Gamya Wijayadasa (Sinhala:ගම්‍යා විජයදාස) is a Sri Lankan actress and beauty pageant titleholder who won Derana Veet Miss Sri Lanka 2009 and represented Sri Lanka in Miss World 2009 on December 12, 2009 in Johannesburg, South Africa.

==Early life==
Wijayadasa studied up to grade 6 at Musaeus College in Colombo before leaving to Singapore and then studying at the Marsiling College, Wijayadasa also studied at Strathmore Secondary College in Australia before going on to study Psychology for her Bachelor's degree.

==Career==
Wijayadasa was named Miss Sri Lanka 2009 on Wednesday July 22, 2009 beating 11 beauty queens at Mount Lavinia Hotel in Sri Lanka. She also won mini-titles like Miss Veet Beautiful Legs, Miss Personality and Miss Veet Beautiful Skin at the Derana Veet Miss Sri Lanka 2009 beauty pageant.
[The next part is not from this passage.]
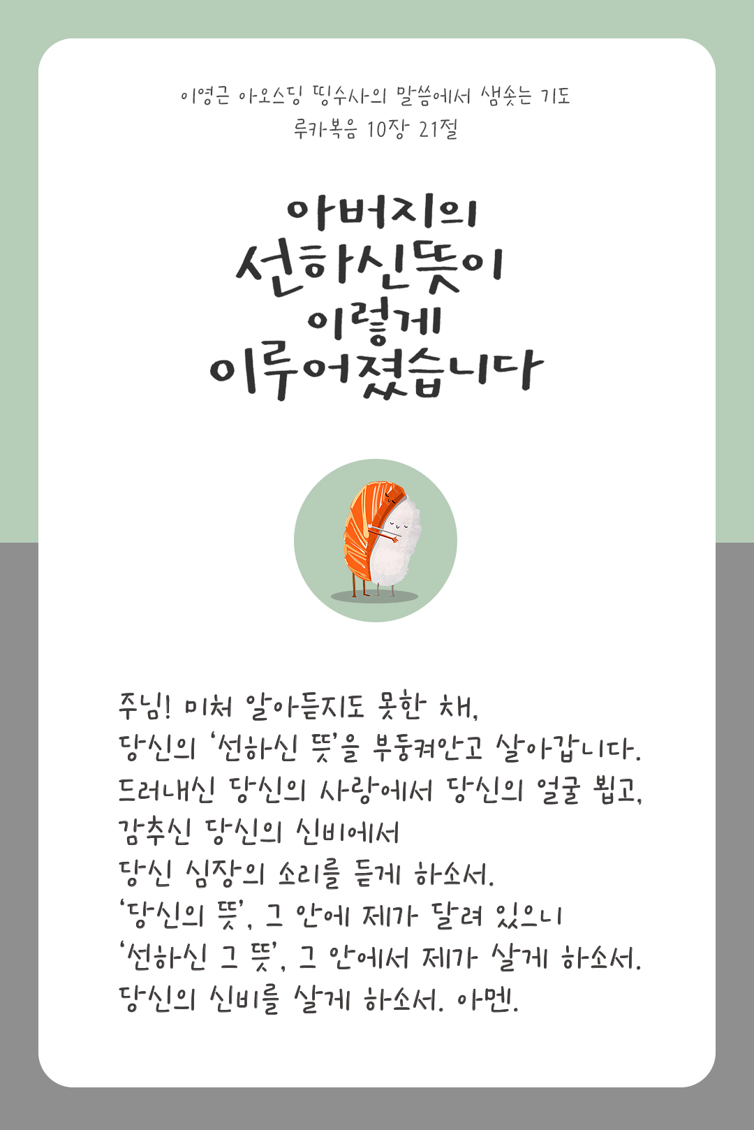 그렇습니다. 아버지! 아버지의 선하신 뜻이 이렇게 이루어졌습니다. (루카 10,21)

2009 October Wijayadasa was appointed as the United Nations Good will ambassordor for Sri Lanka as a recognition of her 10 years of community service for her country. Wijayadasa is also working as representative of " Tharunyata Hetak " - National Youth Organisation.

Wijayadasa focus on rehabilitation process, welfare of Internally Displaced People in the North of Sri Lanka and Youth education.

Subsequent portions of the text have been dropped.